Understanding the principle of experiments and the obtained meanings of the properties by the experiments is essential in material science and engineering. The learning of fundamental skills of chemical and physical measurement operation is required for the correct and safe experiments. In this experiment course, the following topics will be covered: application of finite difference method for numerical analysis of heat transfer, comparative analysis of numerical results with direct temperature measurements and heat transfer visualization using an infrared camera; measure the characteristics of PLLA with differential scanning calorimetry (DSC), wide-angle X-ray diffraction (WAXD) and dynamic mechanical analysis (DMA), understand the principles of those measurements, discuss the relationship between the micro-structure and thermal and mechanical (temperature- and frequency-dependence) characteristics; understanding of fundamental photophysical characteristics of absorption, fluorescence and phosphorescence for organic molecules.
The aims of this course are to make students get the basics for organic and polymeric materials through the learning of experimental operations, principles and comparison between the theoretical and experimental data, in order to improve their skills and understandings from the viewpoints of general education covering the wide area from the basics to the advanced research of science and engineering.
Additionally, the number of students may be restricted due to the limitation of a laboratory space. The learning quarters and orders could be also changed. Students can learn whole themes in Experiments of Organic and Polymeric Materials I, II and III in a different order, by taking all courses of Experiments of Organic and Polymeric Materials at 1st, 3rd and 4th quarters.
By the end of this course, students will be able to:
1. acquire fundamental skills of chemical and physical measurement operations,
2. understand the chemical reactions and analysis,
3. understand the meanings of measured properties and their principles,
4. understand the relation between the conditions of sample preparation and their properties,
5. understand the experimental methods, data analysis and discussion based on obtained data,
and learning the basics for more advanced experiments.

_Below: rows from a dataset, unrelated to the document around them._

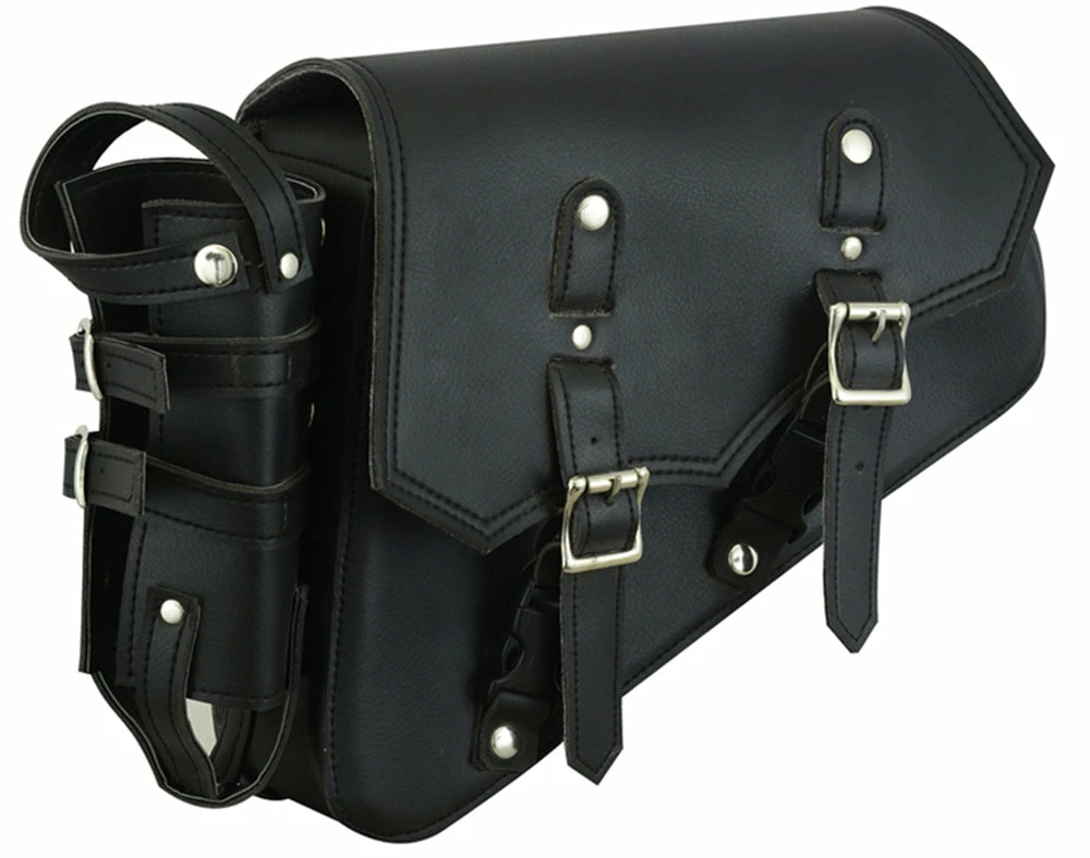 Left Side Synthetic Leather Swing Arm Bag W/Bottle Holder, Gun and Ammo holster.
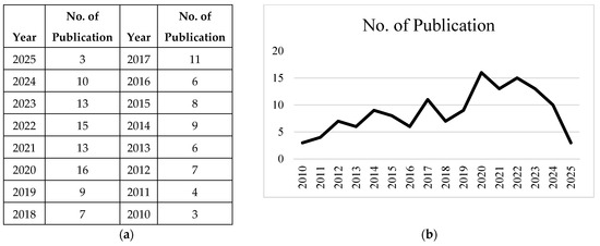 Identified publications by year: (a) Number of publications between 2010 and 2025; (b) Trend in the number of publications between 2010 and 2025.
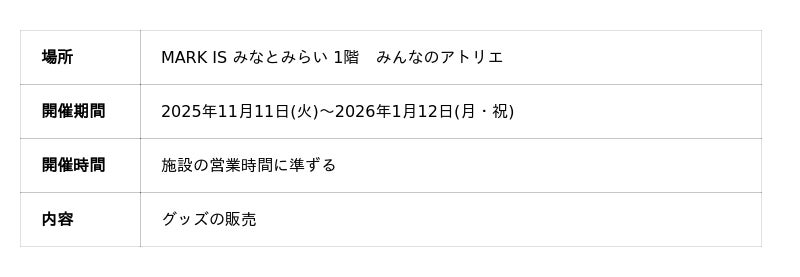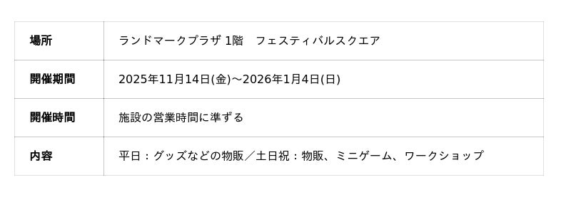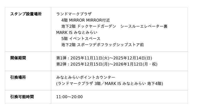 詳細は特設サイトをご確認ください。(特設サイト:https://yokohama-minatomirai-winter-holiday2025.com)
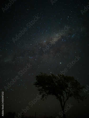 Milky Way in starry sky with tree and landscape below, timelapse sequence image 20-100 Night landscape in the mountains of Argentina - Córdoba - Condor Copina
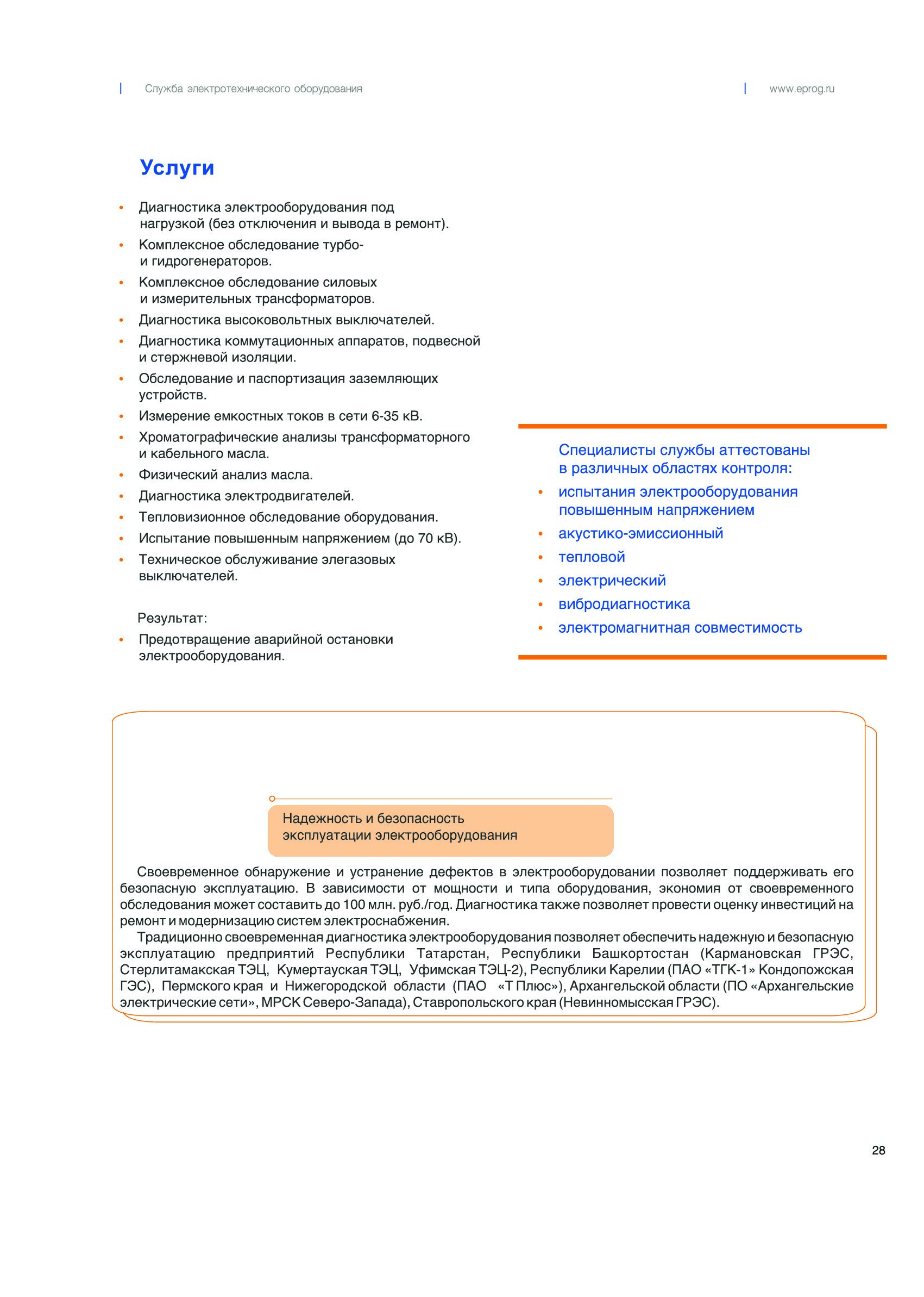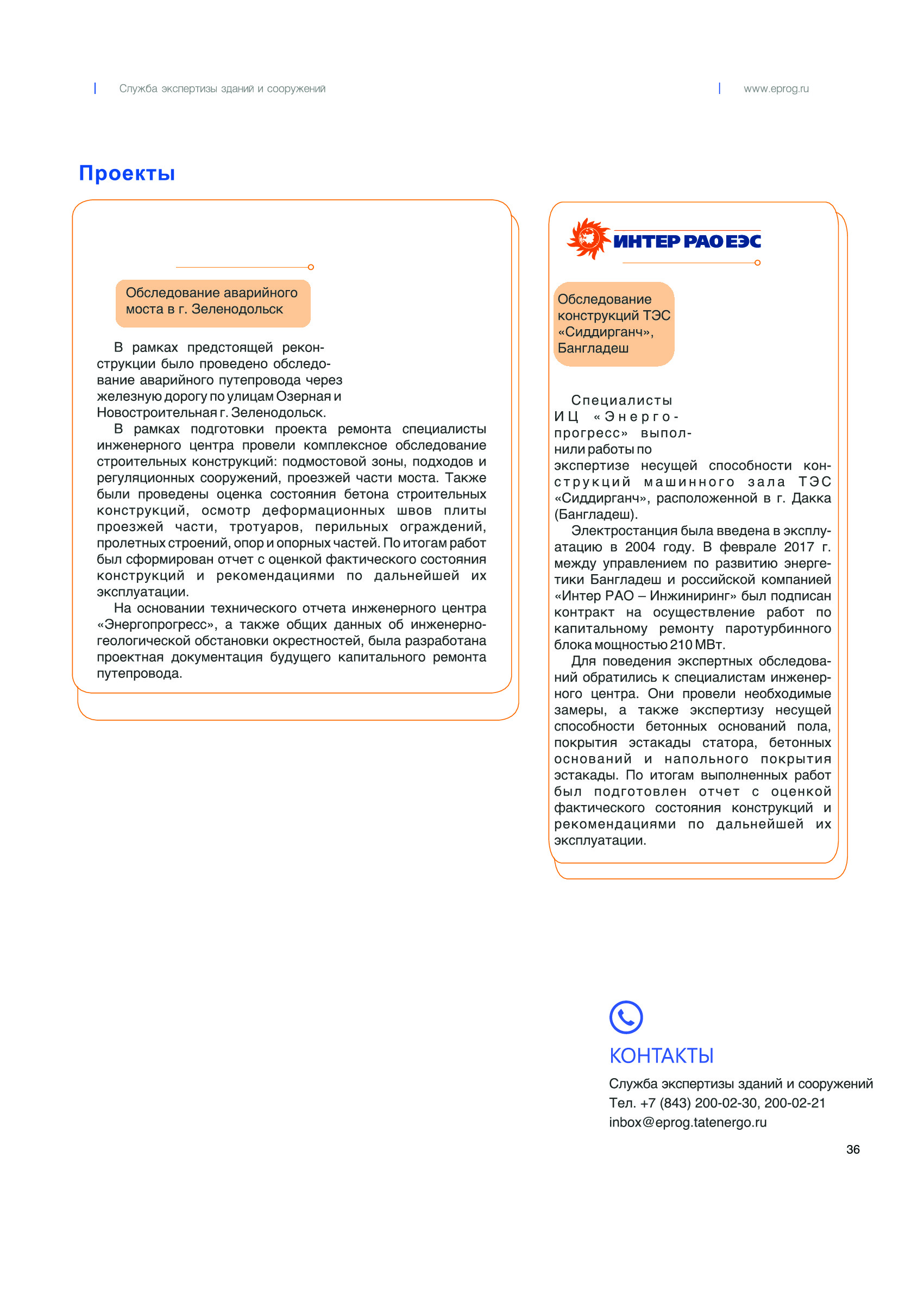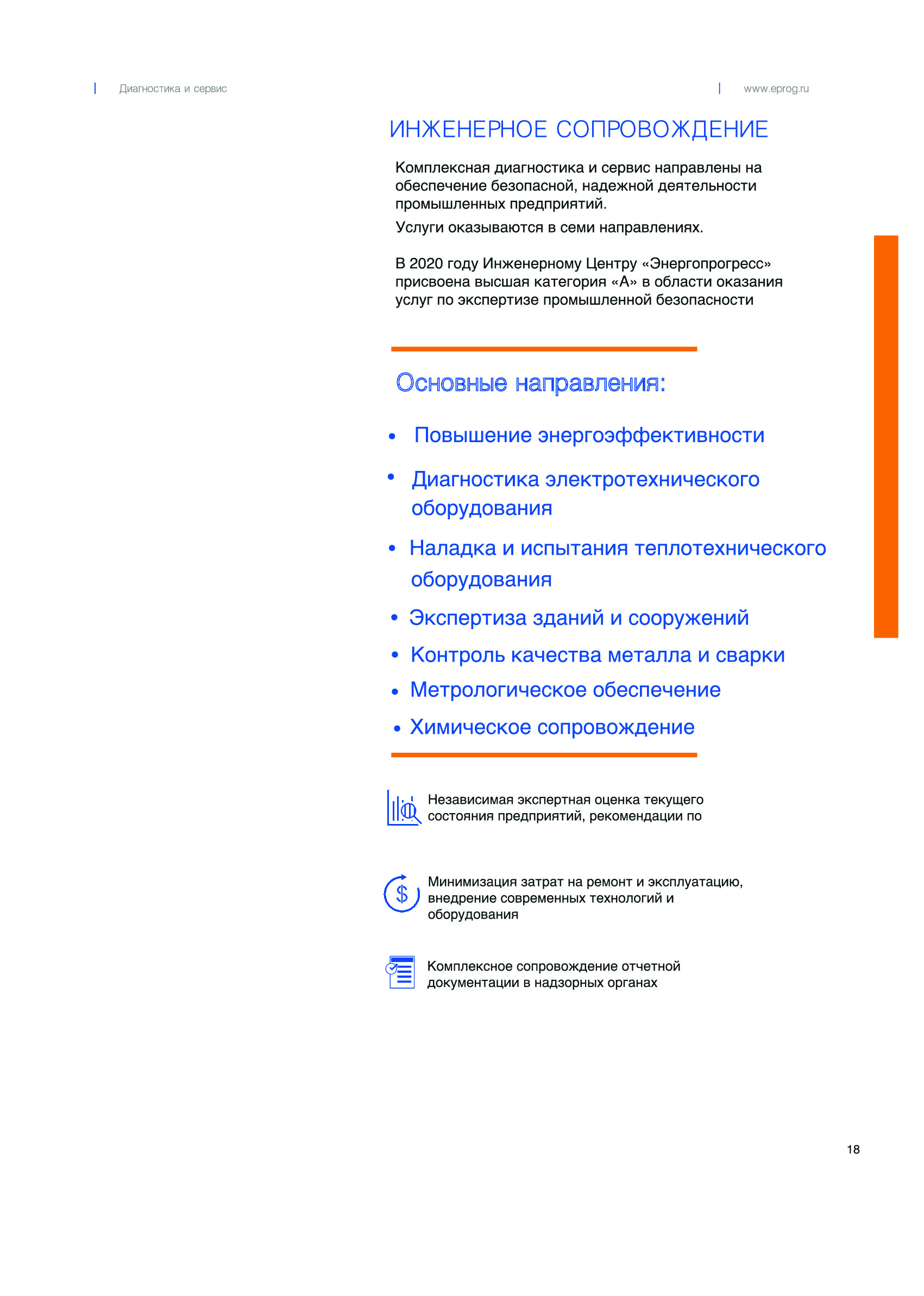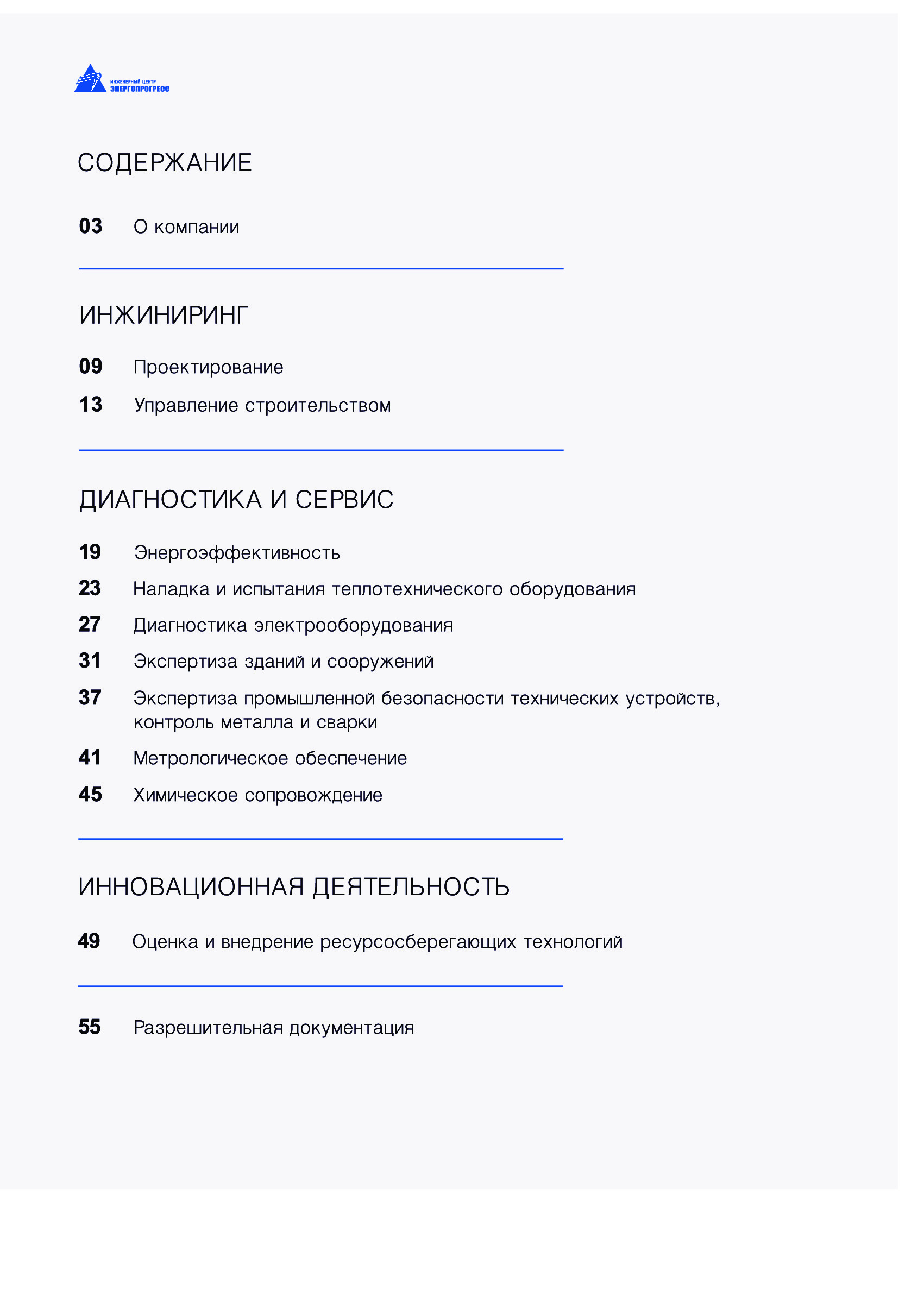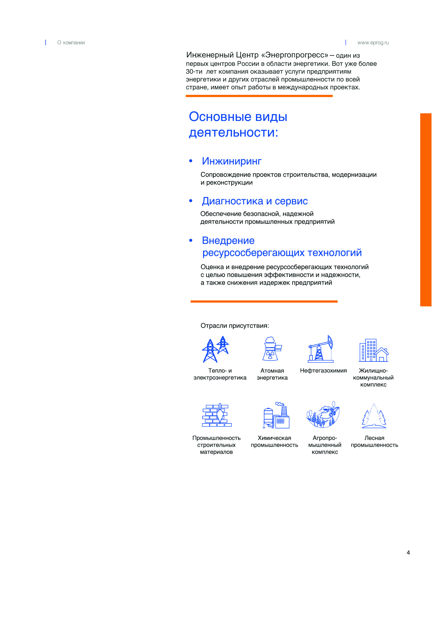 ООО Инженерный центр «Энергопрогресс» 32 года на рынке инженерных услуг в сфере топливно-энергетического комплекса. - Экспертиза промышленной безопасности; - Аудит, комплексная диагностика, и оценка надежности и энергоэффективности энергетического оборудования и систем энергообеспечения; - Предпроектное обследование зданий, сооружений и линий электропередач; - Проектирование объектов, тепло-, электро-, газоснабжения; - Сопровождение строительства.
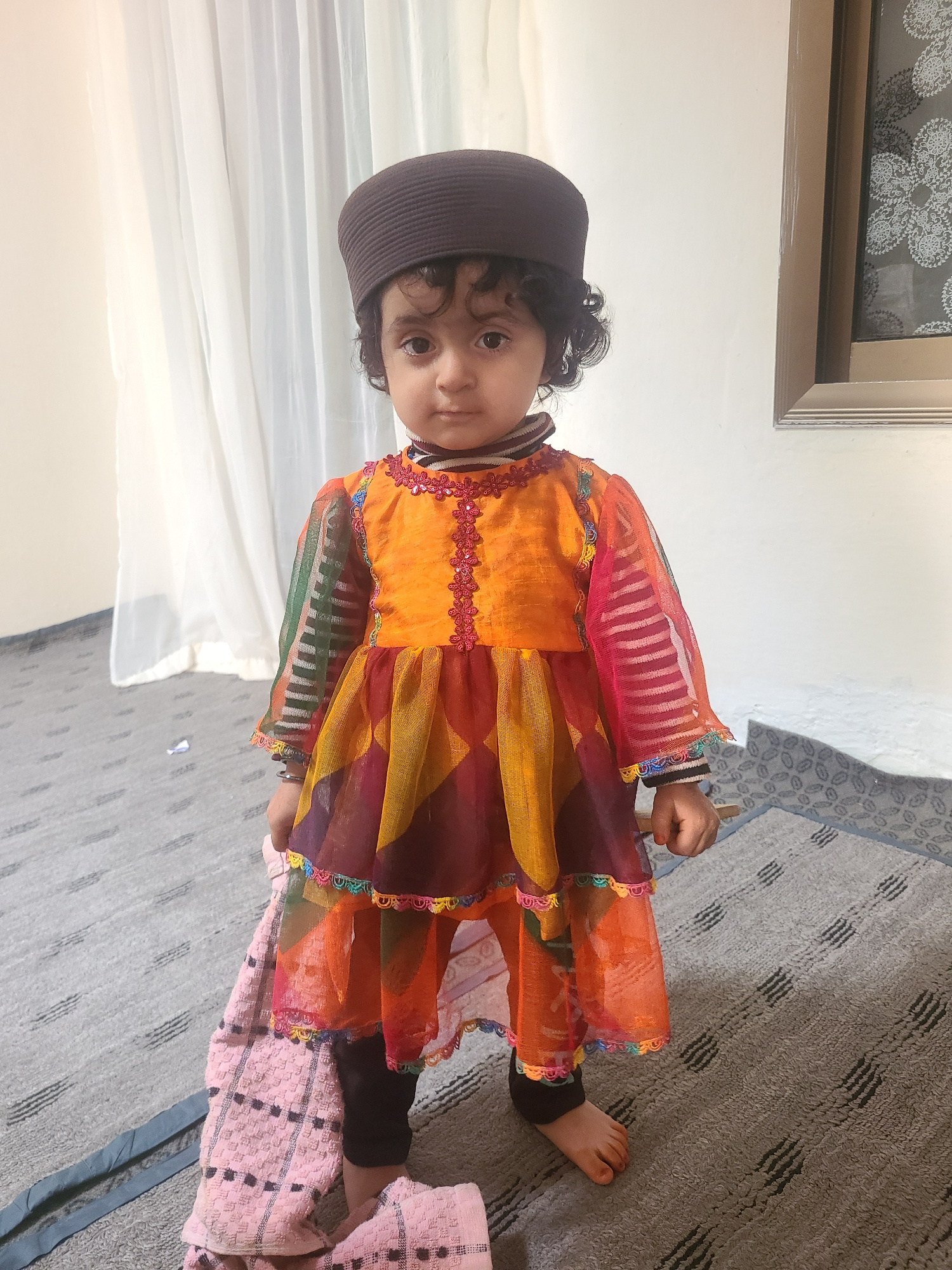 A child wearing a colorful dress and a dark cap stands in a room. The dress is multi-colored with orange, red, yellow, and purple sections. The child has dark hair and is looking directly at the camer…read more
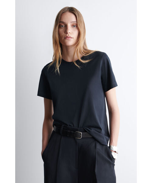 コットンジャージーを使用したこのTシャツは、薄手で軽やかなさらっとした着心地で、デイリー使いにとても活躍してくれます。そこまでフォーマルな雰囲気ではないので、デニムなどのカジュアル合わせはもちろん、スラックスやレザーアイテムなどフォーマルの外しとしてもお使いいただけます。 (レギュラーフィット) 本体:コットン100%(トリムを除く)/洗濯機洗い可 サイズSのバック丈:60.8cm/モデル着用サイズ:S
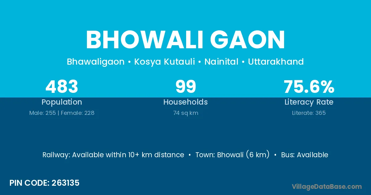 Bhowali Gaon village has a total population of 483 people, of which 255 are males and 228 are females.
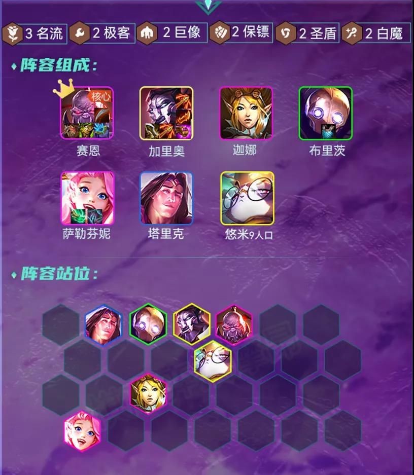 二、名流巨像/名流八九五 1.阵容解读 名流巨像在这次更新加里奥攻击力被大砍30,输出能力上与上版本相对弱势了一些,但经过测试阵容强度依然爆炸,加里奥1星就可吃分,2星就是吃鸡的1号种子选手。这版本阵容上无变化,阵容的难点依然是过渡,稳定过渡到8、9人口才是王道。 2.装备推荐 装备上主要考虑加里奥的装备,无尽必备,其他可考虑法爆、大天使、飓风,甚至羊刀、火炮巨杀都可考虑。其他装备考虑赛恩的坦度装备,如果敌方高续航可考虑给萨勒芬妮出装鬼书、青龙刀。 3.海克斯科技 海克斯科技方面最优名流心/魂,可让阵容快速成型,其他的白魔心/魂、护甲镀层,逆风斗志、直击弱点、飞升等也可考虑。
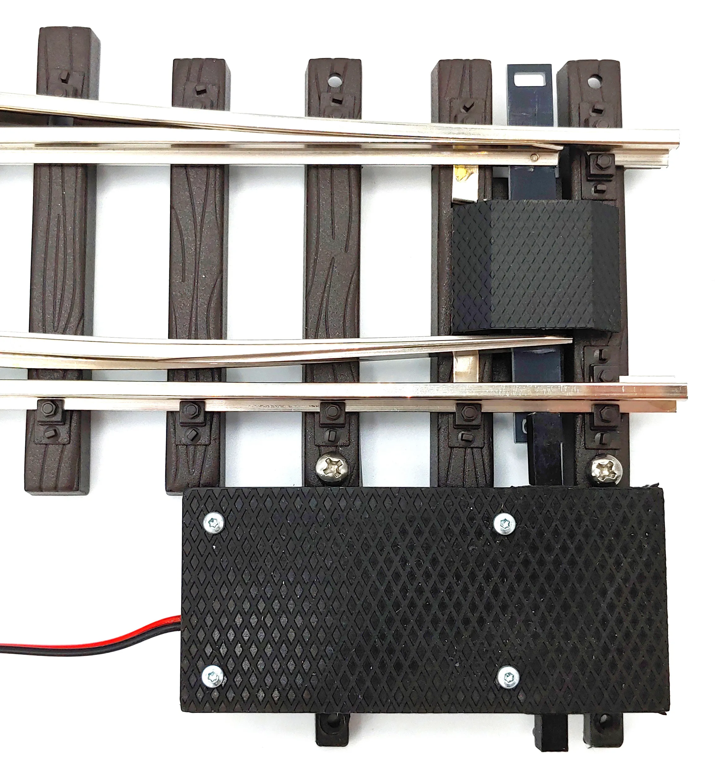 Set mit 4 digitalen Weichenantrieben und 4 passenden Weichenheizungen für Spur G. Sorgt für kräftige, exakt schaltende Weichen mit Herzstückpolarisation und freigängigen Zungen bei Kälte und Nässe.

Organic and polymeric materials, material engineering, experiment, analysis method, property measurement, numerical calculation
✔ Specialist skills | Intercultural skills | Communication skills | ✔ Critical thinking skills | ✔ Practical and/or problem-solving skills |
Students work in teams throughout this course and conduct a series of experimental themes. The learning quarters and orders could be also changed. Students can learn whole themes in Experiments of Organic and Polymeric Materials I, II and III in a different order, by taking all courses of Experiments of Organic and Polymeric Materials at 1st, 3rd and 4th quarters. Written reports must be submitted by designated dates. Students must read the experiment text before the start of each experiment to ensure safety and smooth running.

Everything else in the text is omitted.